Sunday 18 September 2011

TAX DOLLARS OUT BUSH




I trust the people of Tamworth take full advantage of their new $43 million dam upgrade, new $220 million hospital, new $42 million cancer centre, new $10 million maternity wing (designed to “make life less stressful for mums and dads”), new $20 million medical school facilities, new $2.4 million disability services, new $4.3 million GP Super Clinic, new $1.6 million youth care program (advice on drugs, alcohol etc), new flying school and – not to be confused with it – new Centacare pilot program.
It’s a hefty bill. And the rest of us are paying for it, every day.
Thanks to these and many others worthy items bestowed upon the electorates of Tony Windsor and Rob Oakeshott, such as the NBN start-up (seven customers and climbing) and a new Rural Financial Counseling service (to advise on how best to get money out of governments, perhaps?) the rest of Australia is forced to endure one of the least popular, least effective and least competent federal governments in our history.
Mischievously, Tony Windsor attempted to deflect attention from his role in anointing the Gillard government by claiming that Tony Abbott had offered to “sell his arse” in order to be Prime Minister.
In contrast Julia made no such anatomical offer. Instead she just sold the rest of us - down the river.
How ethical is the horse-trading which saw the two grinning Independents grab a wheelbarrow full of goodies for themselves in exchange for guaranteeing Julia Gillard and Bob Brown the keys to the nation's treasury?
“If a firm were to favour a company owned by a Director,” wrote Alan Moran, Director of the Institute of Public Affairs, “the activity would be recognised as theft from other shareholders. The Director would face jail.”
Yet in politics, particularly where minority governments are concerned, the granting of gifts to the favoured few is as old as democracy itself. Some argue that such trading is in fact the cornerstone of the democratic process. Under this theory, parliament is nothing more than a struggle between different lobby groups or tribes vying to grab as much of the national coin for themselves as possible, like a flock of gulls skirmishing over a discarded bag of fish guts. Indeed, isn't that the role of our elected representatives? To make a list of promises and then gallop off to the seat of power and come back laden with as much loot as they can fit in their saddlebags?
Country Independent and equine enthusiast Tony Windsor clearly thinks so.

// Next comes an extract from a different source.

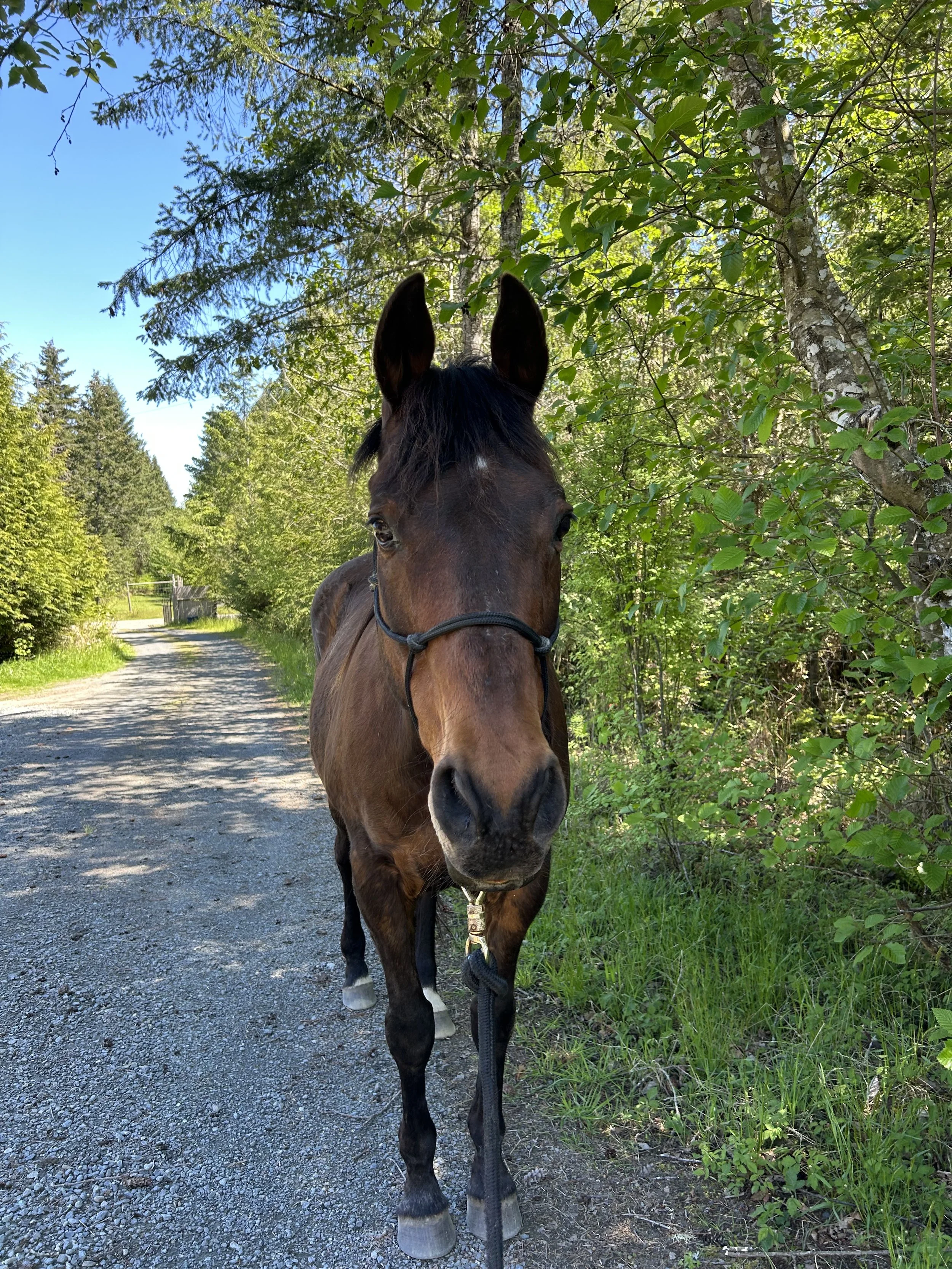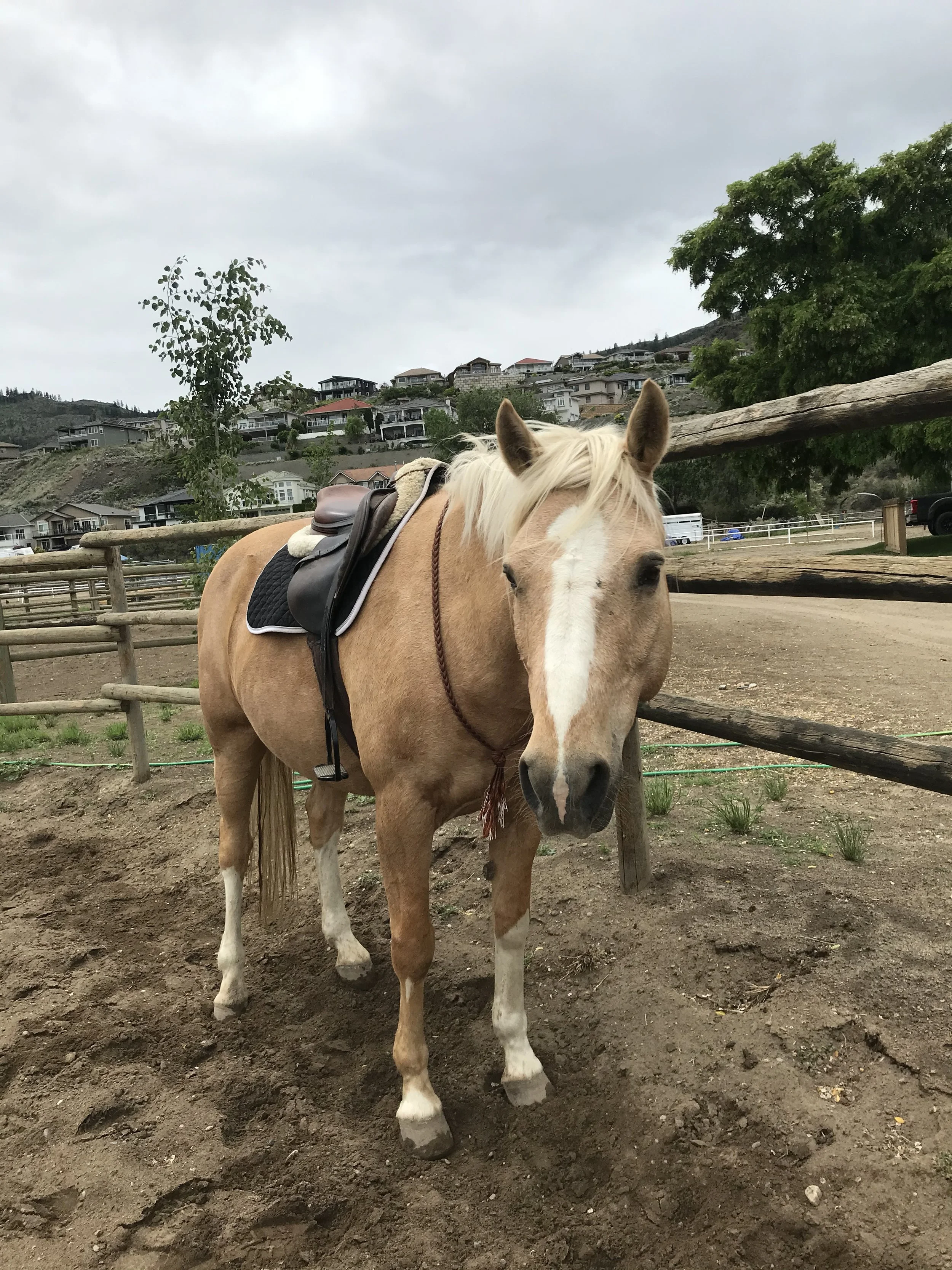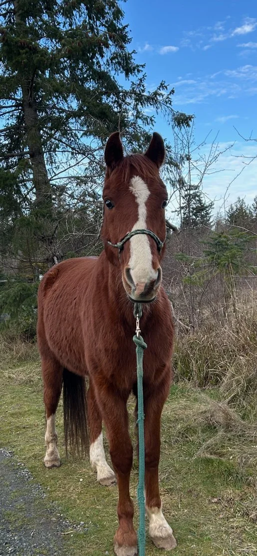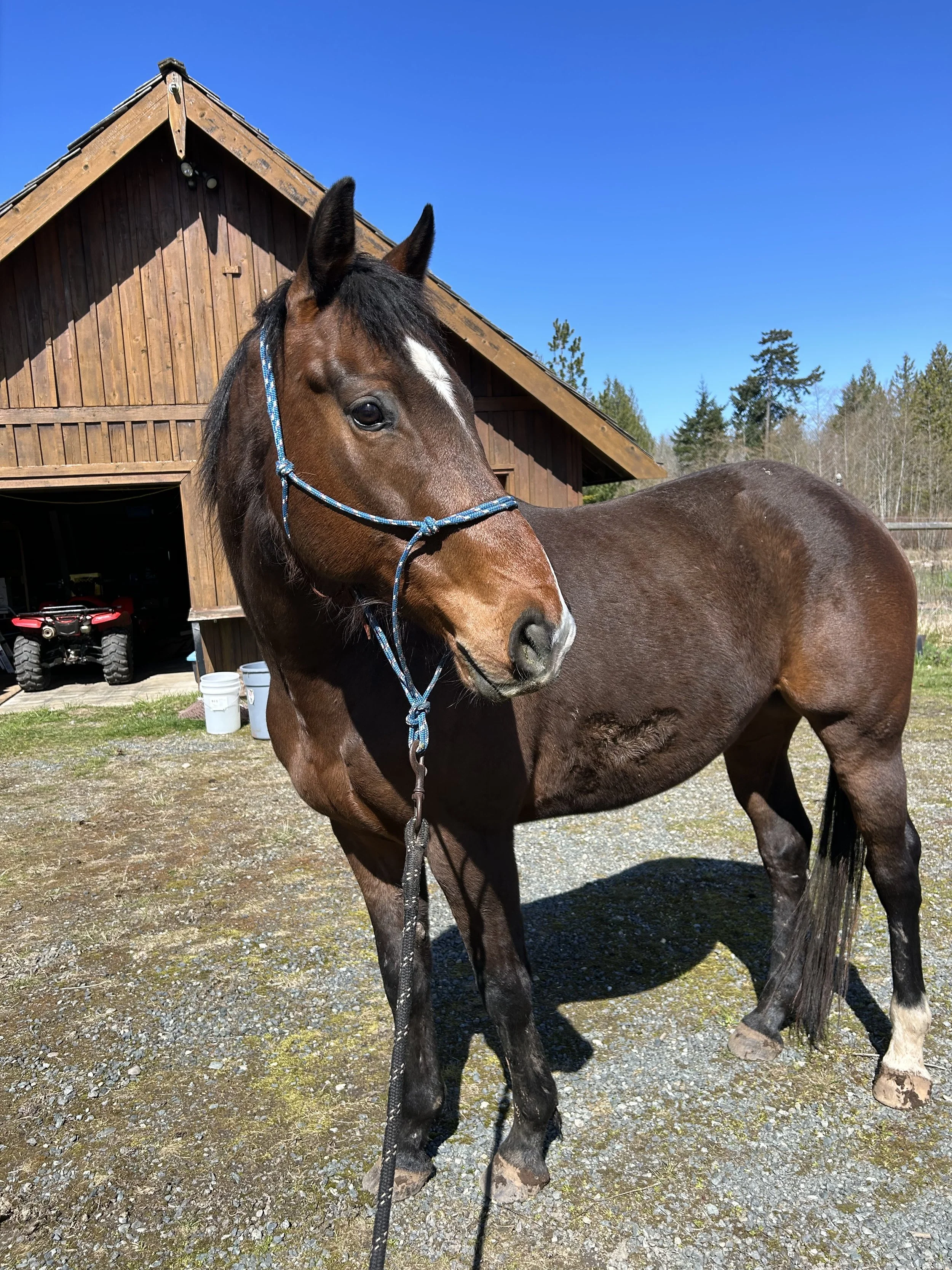 Bueno is an ex-race horse, he retired from the track in the fall of 2021. He then came to us in 2023 from our good friends at Sunhills Riding in Osoyoos. He has a lot of trauma from his early life that we have been working through. He is a very special horse, however he is not ready to participate in lessons yet. You can usually find him glued to Spencer’s side.

On his website, he brags: “My use of balance of power is achieving outcomes the Nationals were never able to.” On the ABC’s Q&A program earlier in the year he gleefully spelled out how he had piled his plate high at the Gillard smorgasbord. When a member of the audience asked “if we had a Tony Windsor as our local member, would our streets be paved with gold?” he smugly responded “Would silver do?” He then explained that “country people (have) always had that power and what I've tried to do is encourage people… to use the hung parliament to advantage in terms of this.”
Clearly, what Tony advocates is a system whereby the rest of the country is permanently held to ransom by a group of “balance-of-power” rural Independents. Taken to its logical conclusion, government business would be reduced to seat-by-seat bribery. (Readers more familiar with the corridors of power are probably struggling to think of any other definition of our current parliamentary system.) But again, what are the ethics? Just because "everybody does it" doesn't necessarily make it right.

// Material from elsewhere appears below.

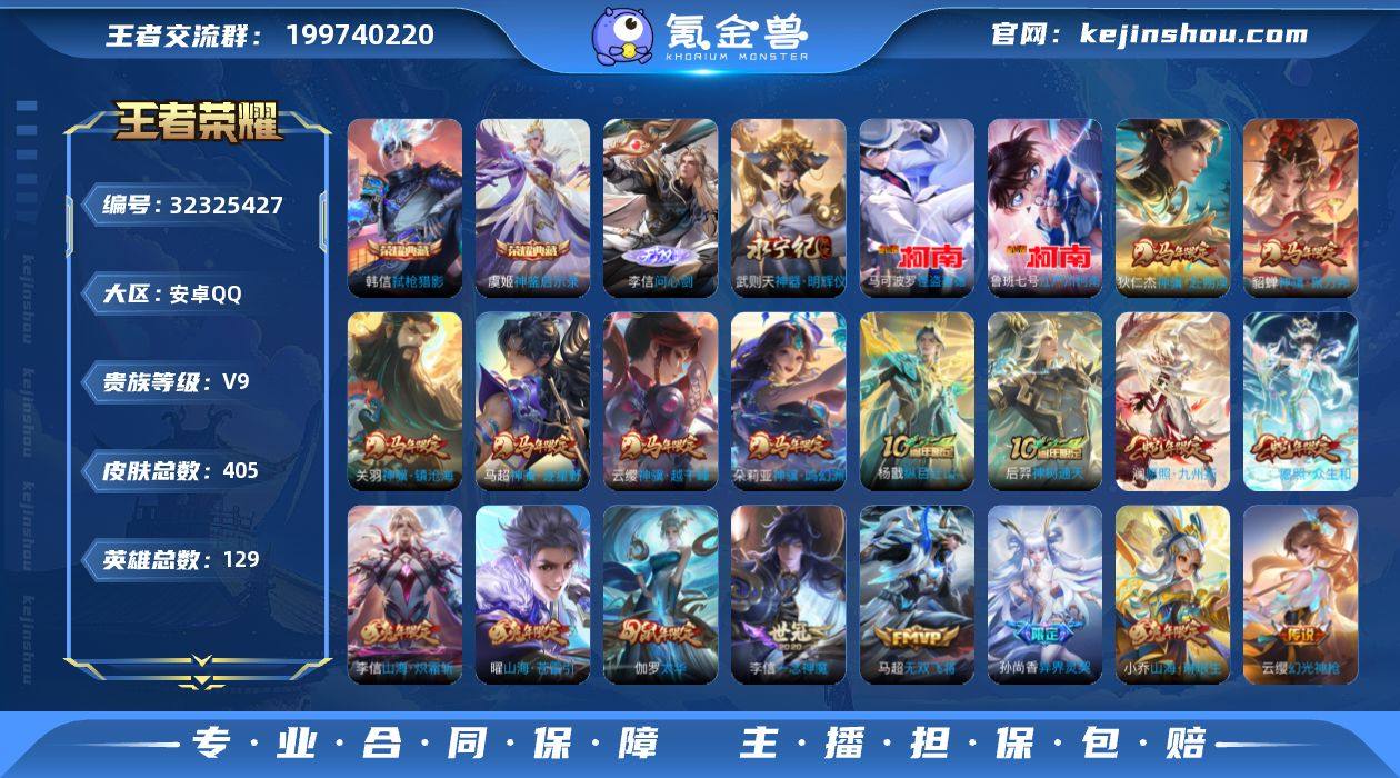【Hwz811】【特价出售】安卓Q-V9-可二次-36按键-墨上江山天幕-129英雄-405皮肤-2典藏皮肤-1典藏英雄-2无双-2珍品传说-34传说-111史诗(马年限定全套、兔年限定全套、弑枪猎影、神鉴启示录、江户川柯南、怪盗基德) 【英雄全皮】:廉颇全皮,孙权全皮,狂铁全皮,李信全皮,猪八戒全皮,敖隐全皮,空空儿全皮,影全皮 【荣耀典藏】:武则天英雄,韩信弑枪猎影,虞姬神鉴启示录 【无双皮肤】:李信问心剑,武则天神器明辉仪 【珍品传说】:鲁班七号江户川柯南,马可波罗怪盗基德 【传说皮肤】:云缨神骥越千峰,关羽神骥镇沧海,朵莉亚神骥鸣幻洲,狄仁杰神骥赴朔漠,貂蝉神骥聚万邦,马超神骥逐星野,杨戬纵目迁山,后羿神树通天,妲己愿照众生和,澜愿照九州拓,云缨幻光神枪,王昭君映山客,桑启鸣野蒿,东皇太一灼幽烈阳,干将莫邪画中仙,孙悟空齐天大圣,小乔山海琳琅生,曜山海苍雷引,李信山海炽霜斩,吕布怒海麟威,李白诗剑行,狄仁杰神器狴犴令,王昭君星穹之声,马超无双飞将,鲁班七号寅虎瑞焰,孙尚香异界灵契,貂蝉遇见胡旋,赵云淬星耀世,虞姬启明星使,李信一念神魔,伽罗太华,虞姬云霓雀翎,花木兰冠军飞将,后羿黄金射手座 【限定皮肤】:白起狰,狄仁杰阴...

"A democracy... can only exist until the voters discover that they can vote themselves largesse from the public treasury. From that moment on, the majority always votes for the candidates promising the most benefits from the public purse." This quote, attributed to 18th century historian Fraser Tytler, seems to be what Tony has in mind. But you don't have to be a maths genius, or indeed the Treasurer, to recognize that this system is ultimately doomed to empty the coffers. Ethically, it is clearly "wrong."
It is also "wrong" if the upshot of the horse-trading is a government that the rest of the country clearly can't stomach. Those who benefit from the current arrangement are fond of repeating the idiotic claim that "this is the government the country voted for." Er, no we didn’t. Only a measly 2.52% of us put down an Independent as our first choice. There is not a single voter in Australia who coveted a hung parliament with power resting in the hands of Windsor and Oakeshott, other than possibly Windsor and Oakeshott.

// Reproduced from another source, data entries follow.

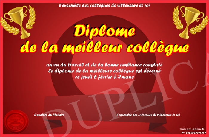Envoyez par email votre Diplôme de la meilleur collègue personalisé
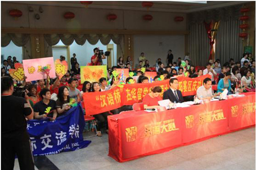 “各部门注意,各小组注意,汉语大赛马上开始!”“没问题,我们已经准备妥妥的了!”6月1号,由东北大学承办的第六届“汉语桥”在华留学生汉语大赛在大学生活动中心拉开帷幕。来自东北大学、沈阳师范大学、辽宁大学、辽宁中医药大学、沈阳工业大学和渤海大学的39名留学生齐聚于此,用汉语对擂,用才艺比拼。
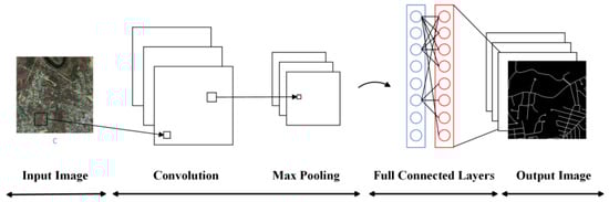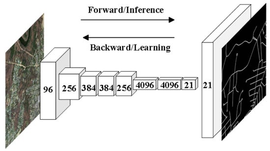 Mnih [] first introduced convolutional neural networks (CNNs) into road extraction tasks. Initially, in the field of deep learning for road extraction, many researchers used block-based CNN models to process roads within images. For example, finite state machine (FSM) and patch-based CNN (as shown in Figure 2) methods were employed [] to track and extract roads separately. These patch-based CNN models performed excellently in aerial images with a spatial resolution of 1.2 m but struggled to achieve satisfactory results in higher-resolution (0.15 m) image extraction. To address this issue, Rezaee and Zhang [] improved traditional patch-based CNN methods, enabling them to outperform support vector machine (SVM) methods in road extraction from high-resolution image datasets (0.15 m spatial resolution). However, patch-based CNN methods overly relied on the sliding window approach, which involved feature extraction through convolutional and pooling layers, followed by backpropagation to fine-tune the final parameters. This resulted in relatively low extraction efficiency, which was insufficient for meeting the requirements of practical applications. Additionally, choosing an appropriate sliding window size was a challenging task. It was not until the emergence of fully convolutional neural networks (FCNs), that this problem was effectively solved. The FCN model was first introduced into the field of image segmentation [], as shown in Figure 3, and it significantly improved segmentation efficiency. In contrast to traditional patch-based CNN models, an FCN is capable of pixel-level image classification, meaning it classifies each pixel into a category, with the output providing the category for each pixel. The FCN replaces fully connected layers with convolutional layers, achieving end-to-end semantic segmentation. This overcomes the inefficiency issue of patch-based CNN methods and allows for the extraction of target semantic information while preserving spatial information []. While the FCN enhanced the CNN by enabling pixel-to-pixel classification, it disregarded the relationships between pixels. Therefore, subsequent models introduced various attention mechanism modules to strengthen the relationships between pixels. Furthermore, the FCN’s structure has offered novel insights into encoder–decoder network architectures.
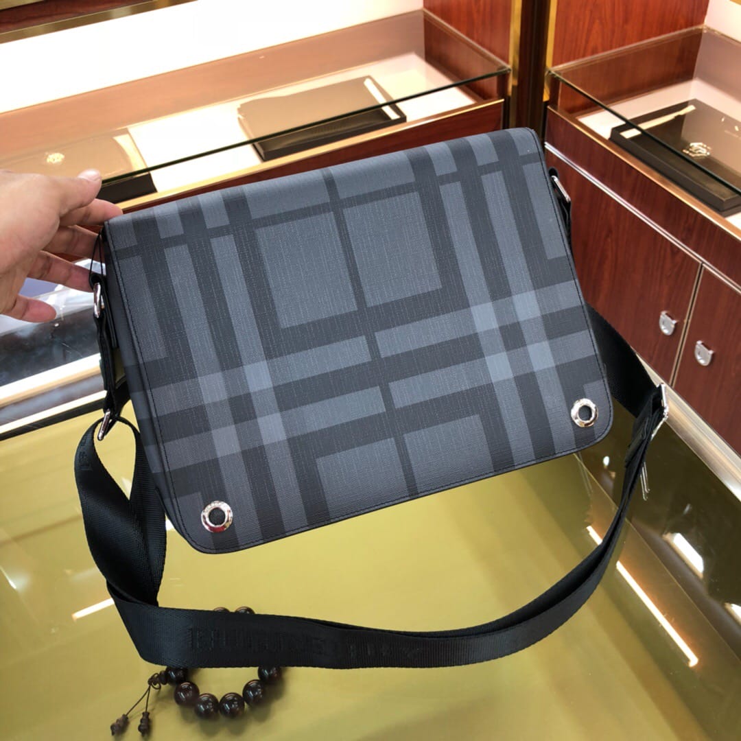 原单官网88337-2灰色格子斜跨包立挺考究的皮革公文包,内

The "largesse" Tytler refers to in Oakeshott’s electorate of Lyne includes a multi-billion dollar grab-bag of goodies similar to Tony’s; such as hospitals, road upgrades, bridges and so on. Despite all that, one opinion poll puts his local support at less than 17%.

In exchange, the rest of the country gets lumbered with a government that after less than a year has the lowest polling figures ever, is introducing a tax the vast majority of people - according to repeated opinion polls - do not want, has made fools of us on the international stage over our on-again, off-again exports of both live cattle and live children, has had its flagship policy torn to shreds by the High Court and is so busy protecting one scandal-ridden MP that it is unable to worry about protecting the nation from the gathering clouds of rising unemployment and the next international financial crisis. Hardly a great bargain.        

John Howard recently said that “both Oakeshott and Windsor, if they run (again), will lose their seats.” Hopefully that means Tony can keep his derriere intact.